- **WHAT THE EXERCISE ASKS**
Output the full listing exactly as written, with no pictures in it.

- **DATA SEGMENT**
———
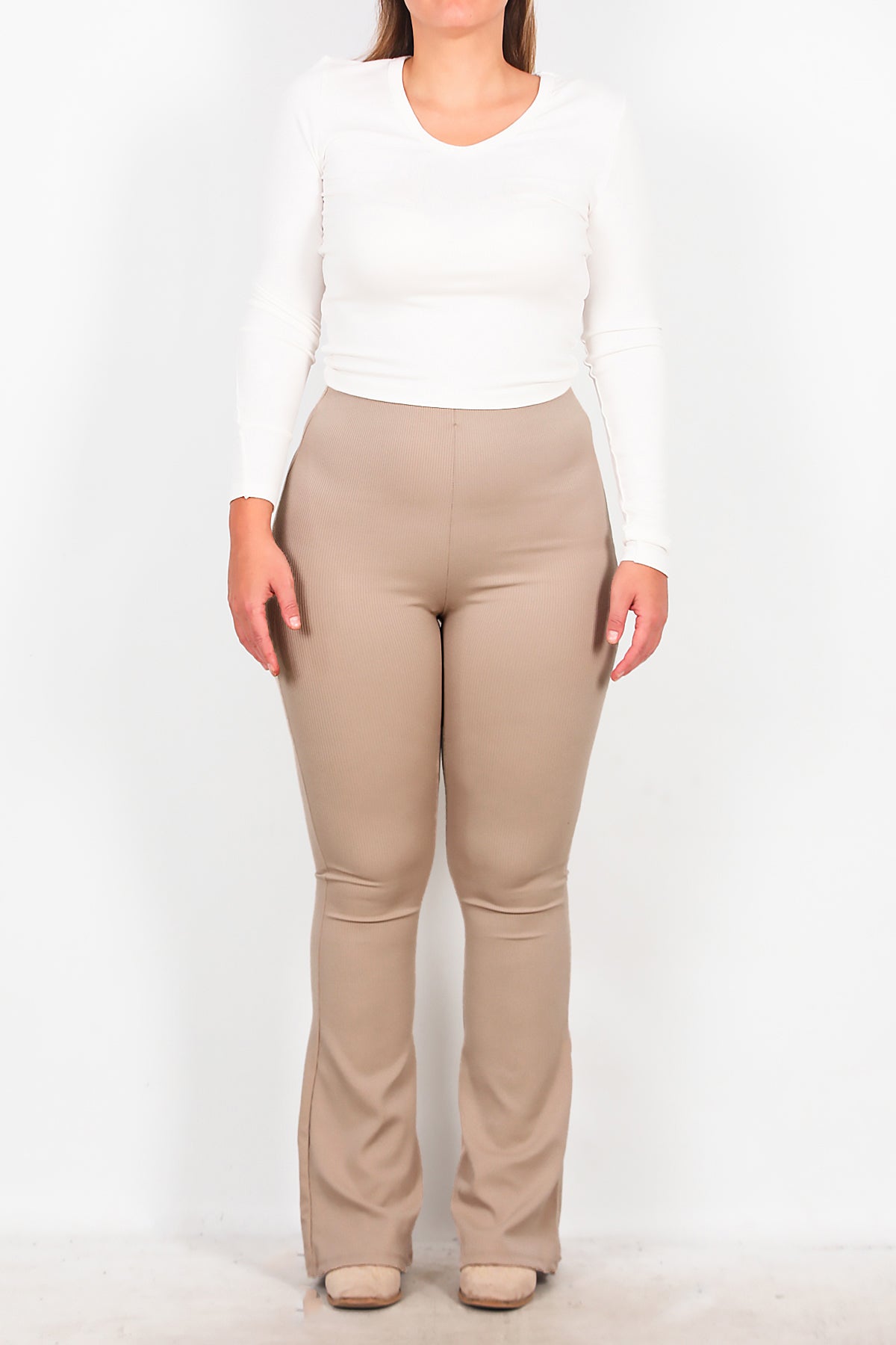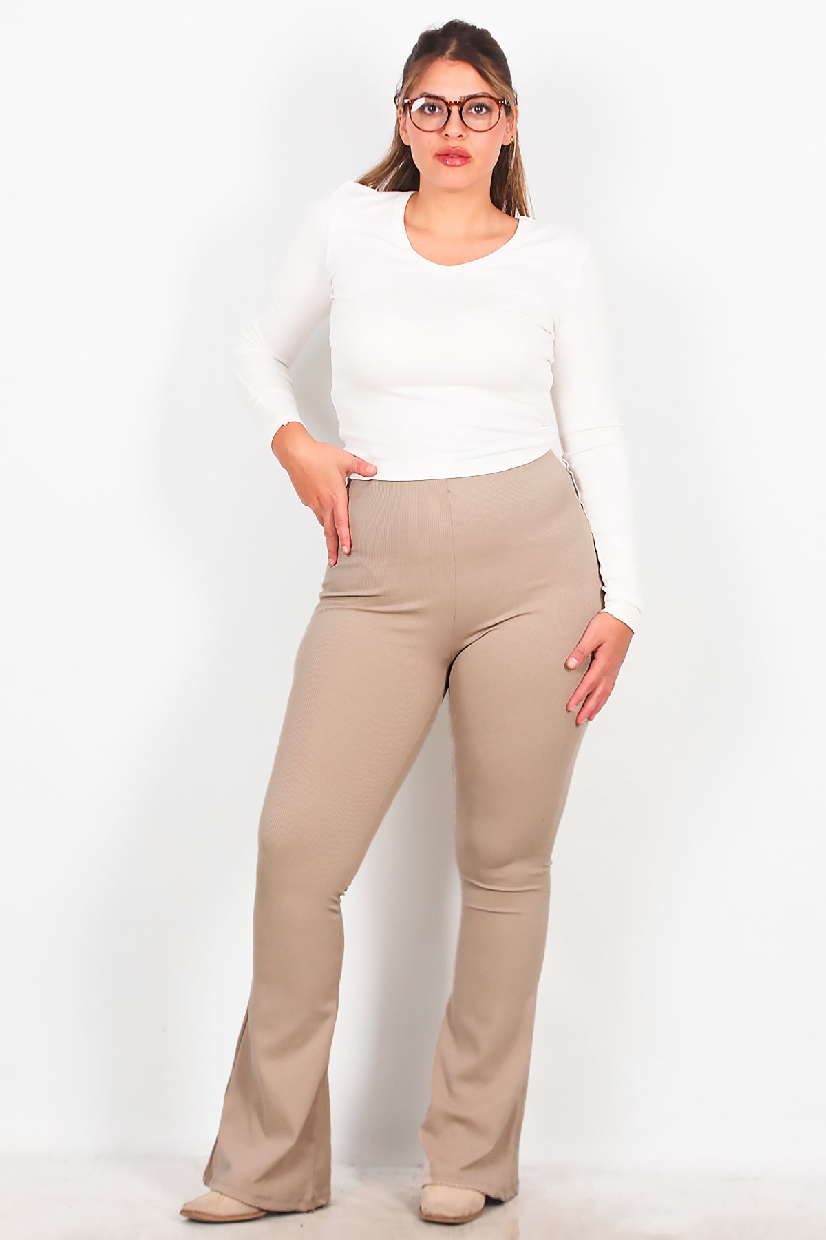 Büyük Beden Fitilli İspanyol Paça Tayt Bej
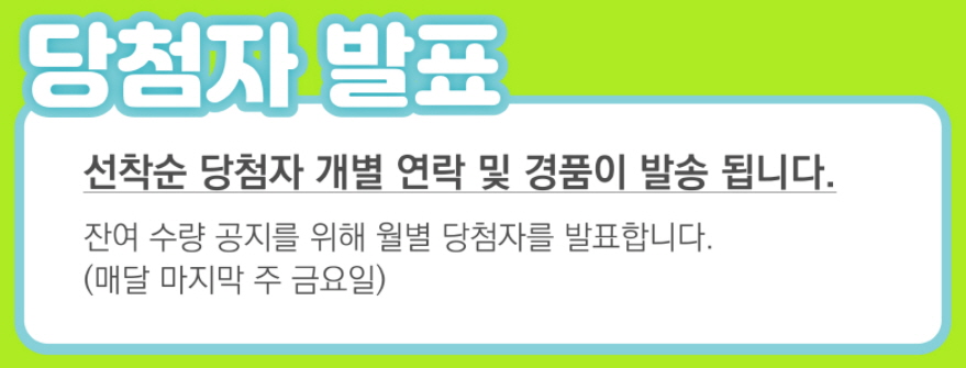 당첨자 발표는 선착순이며 매달 마지막 주 금요일에 당첨자를 발표합니다.
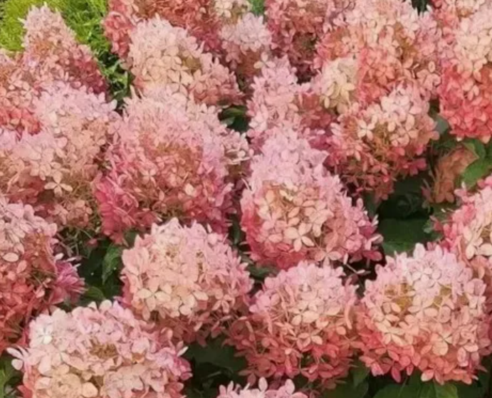 Куст прекрасной шаровидной формы. Окраска меняется по мере цветения от зеленого к розовому
———
- **SOLUTION**
 Büyük Beden Fitilli İspanyol Paça Tayt Bej
 당첨자 발표는 선착순이며 매달 마지막 주 금요일에 당첨자를 발표합니다.
 Куст прекрасной шаровидной формы. Окраска меняется по мере цветения от зеленого к розовому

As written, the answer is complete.